DATA PROVIDED:
- Opening Delimiter -

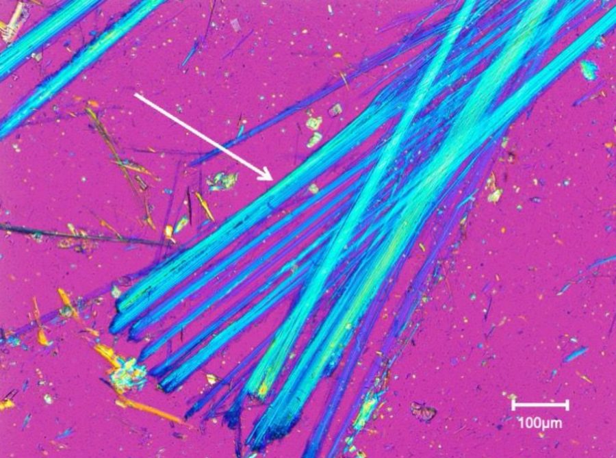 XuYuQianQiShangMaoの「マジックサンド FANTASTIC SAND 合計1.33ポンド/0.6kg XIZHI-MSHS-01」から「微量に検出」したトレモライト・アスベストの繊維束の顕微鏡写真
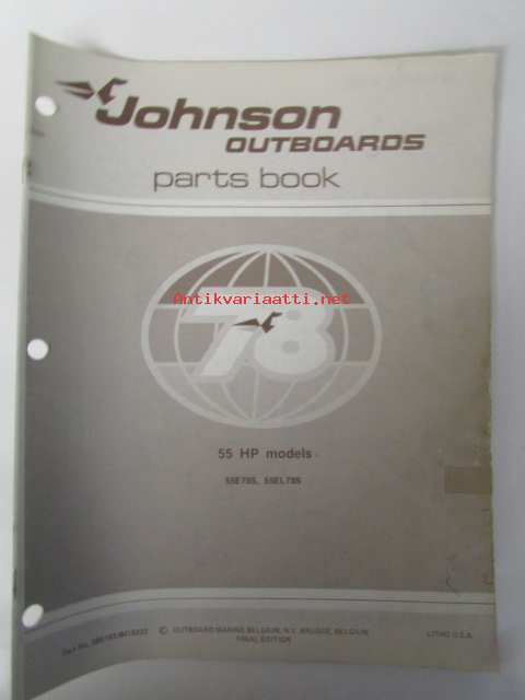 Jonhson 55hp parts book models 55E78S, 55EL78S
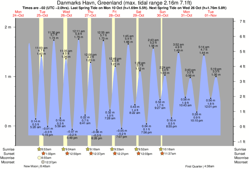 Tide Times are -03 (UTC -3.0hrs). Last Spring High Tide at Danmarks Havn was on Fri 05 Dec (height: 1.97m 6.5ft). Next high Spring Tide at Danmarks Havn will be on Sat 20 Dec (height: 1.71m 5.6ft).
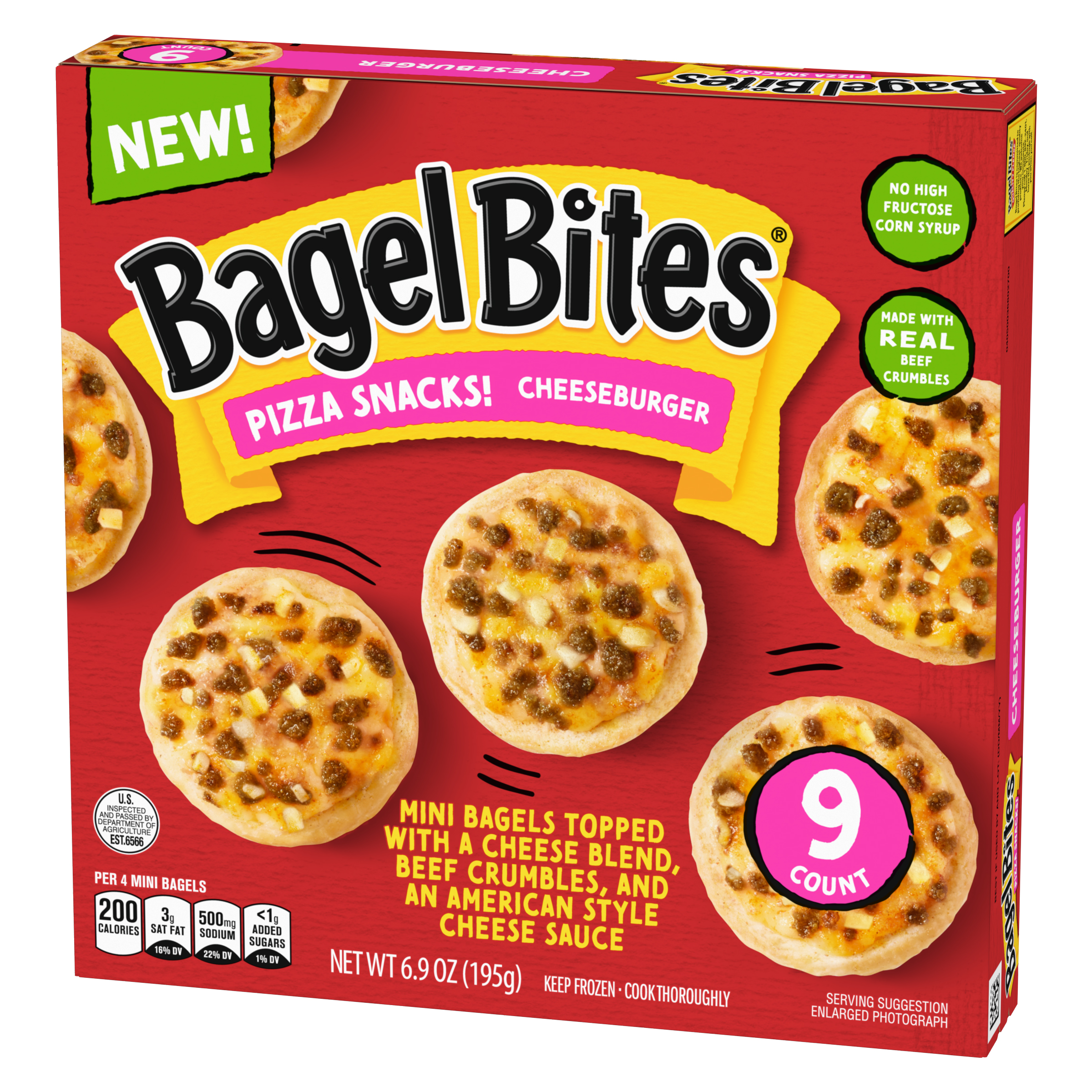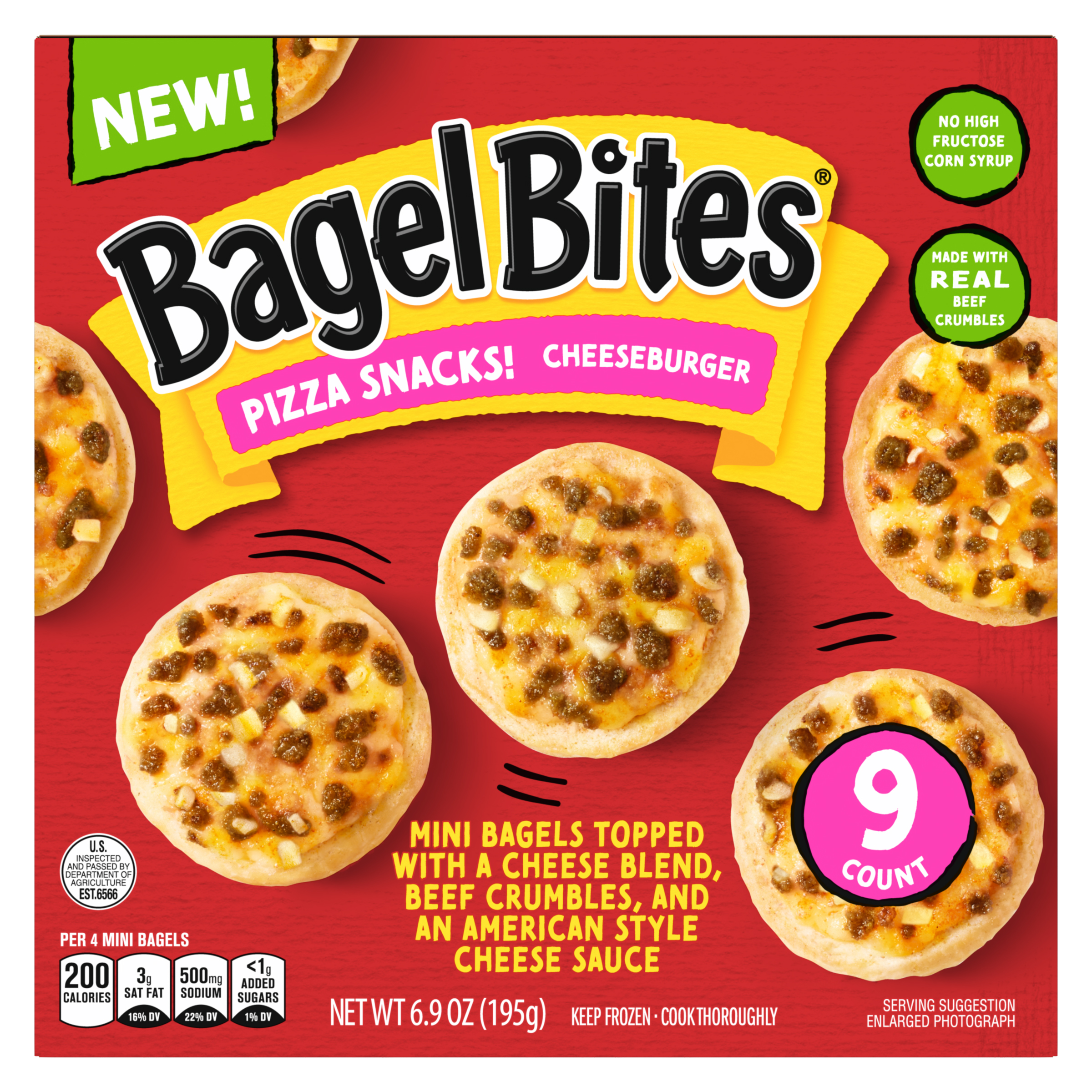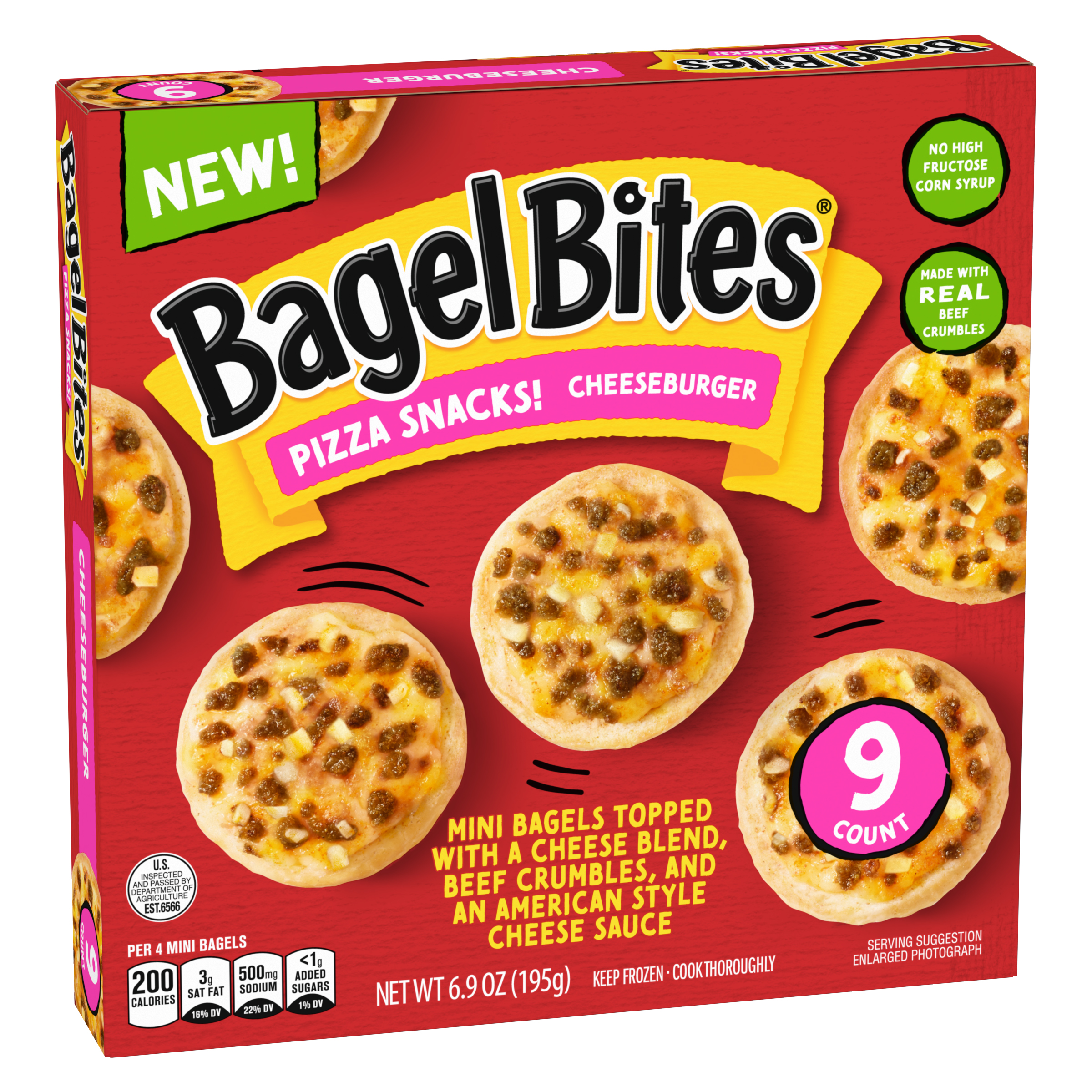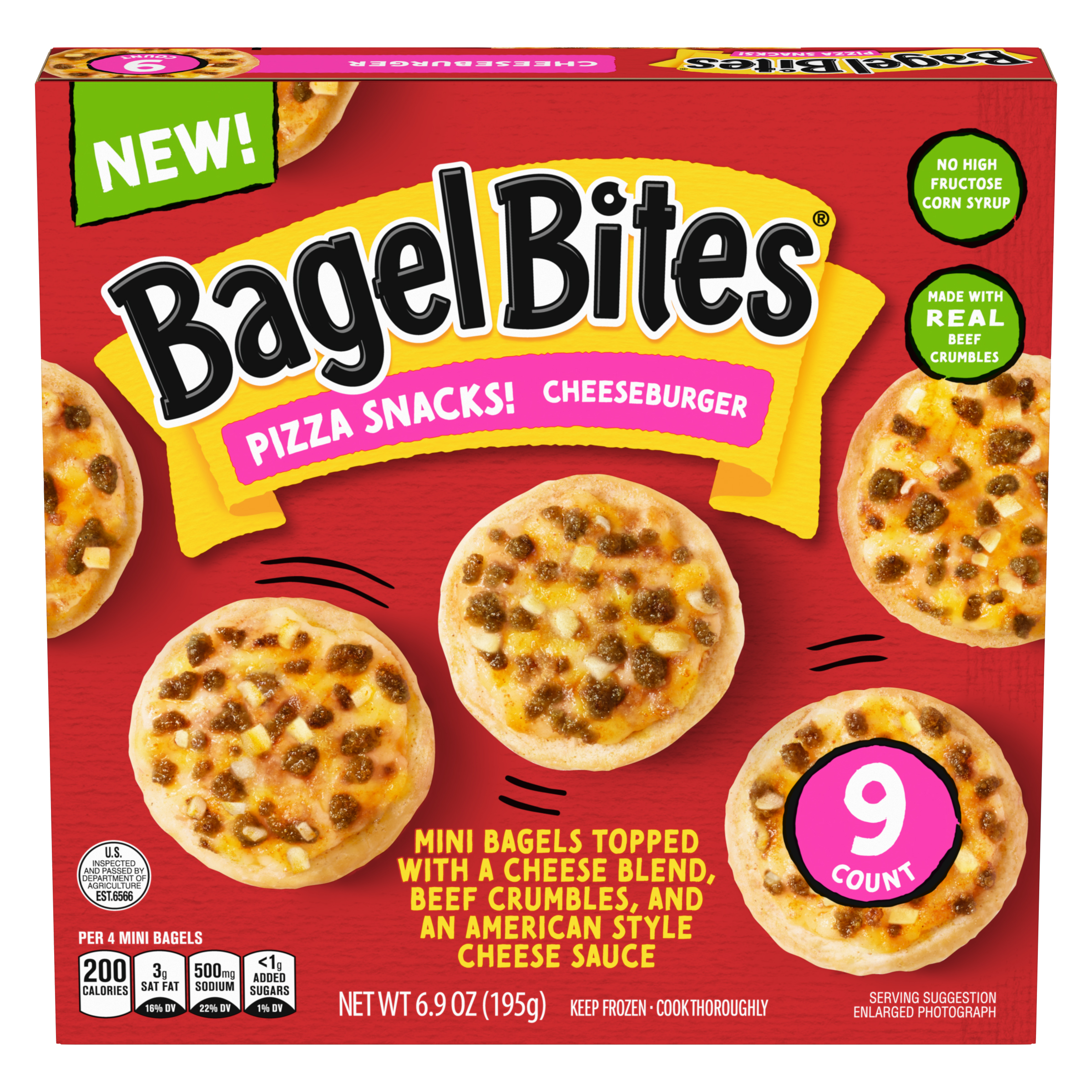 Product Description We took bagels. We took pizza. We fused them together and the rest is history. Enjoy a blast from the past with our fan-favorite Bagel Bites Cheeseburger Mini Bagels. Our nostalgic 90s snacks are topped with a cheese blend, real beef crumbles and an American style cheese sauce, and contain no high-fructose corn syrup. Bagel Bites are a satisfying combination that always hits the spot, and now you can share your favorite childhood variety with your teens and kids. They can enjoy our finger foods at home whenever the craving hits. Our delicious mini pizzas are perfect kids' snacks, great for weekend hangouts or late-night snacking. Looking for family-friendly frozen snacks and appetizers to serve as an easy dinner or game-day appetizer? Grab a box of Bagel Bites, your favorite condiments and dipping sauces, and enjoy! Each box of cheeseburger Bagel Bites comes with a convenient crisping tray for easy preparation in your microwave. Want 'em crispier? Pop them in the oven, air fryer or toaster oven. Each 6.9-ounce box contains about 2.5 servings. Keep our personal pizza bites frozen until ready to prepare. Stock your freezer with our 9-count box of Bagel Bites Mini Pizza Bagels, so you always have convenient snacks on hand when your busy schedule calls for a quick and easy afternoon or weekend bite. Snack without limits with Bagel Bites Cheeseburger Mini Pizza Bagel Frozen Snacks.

- Closing Delimiter -

EXERCISE OBJECTIVE: Nothing but the pictures should be left out when the material above is copied.

ANSWER TO THE PROBLEM:
 XuYuQianQiShangMaoの「マジックサンド FANTASTIC SAND 合計1.33ポンド/0.6kg XIZHI-MSHS-01」から「微量に検出」したトレモライト・アスベストの繊維束の顕微鏡写真
 Jonhson 55hp parts book models 55E78S, 55EL78S
 Tide Times are -03 (UTC -3.0hrs). Last Spring High Tide at Danmarks Havn was on Fri 05 Dec (height: 1.97m 6.5ft). Next high Spring Tide at Danmarks Havn will be on Sat 20 Dec (height: 1.71m 5.6ft).
 Product Description We took bagels. We took pizza. We fused them together and the rest is history. Enjoy a blast from the past with our fan-favorite Bagel Bites Cheeseburger Mini Bagels. Our nostalgic 90s snacks are topped with a cheese blend, real beef crumbles and an American style cheese sauce, and contain no high-fructose corn syrup. Bagel Bites are a satisfying combination that always hits the spot, and now you can share your favorite childhood variety with your teens and kids. They can enjoy our finger foods at home whenever the craving hits. Our delicious mini pizzas are perfect kids' snacks, great for weekend hangouts or late-night snacking. Looking for family-friendly frozen snacks and appetizers to serve as an easy dinner or game-day appetizer? Grab a box of Bagel Bites, your favorite condiments and dipping sauces, and enjoy! Each box of cheeseburger Bagel Bites comes with a convenient crisping tray for easy preparation in your microwave. Want 'em crispier? Pop them in the oven, air fryer or toaster oven. Each 6.9-ounce box contains about 2.5 servings. Keep our personal pizza bites frozen until ready to prepare. Stock your freezer with our 9-count box of Bagel Bites Mini Pizza Bagels, so you always have convenient snacks on hand when your busy schedule calls for a quick and easy afternoon or weekend bite. Snack without limits with Bagel Bites Cheeseburger Mini Pizza Bagel Frozen Snacks.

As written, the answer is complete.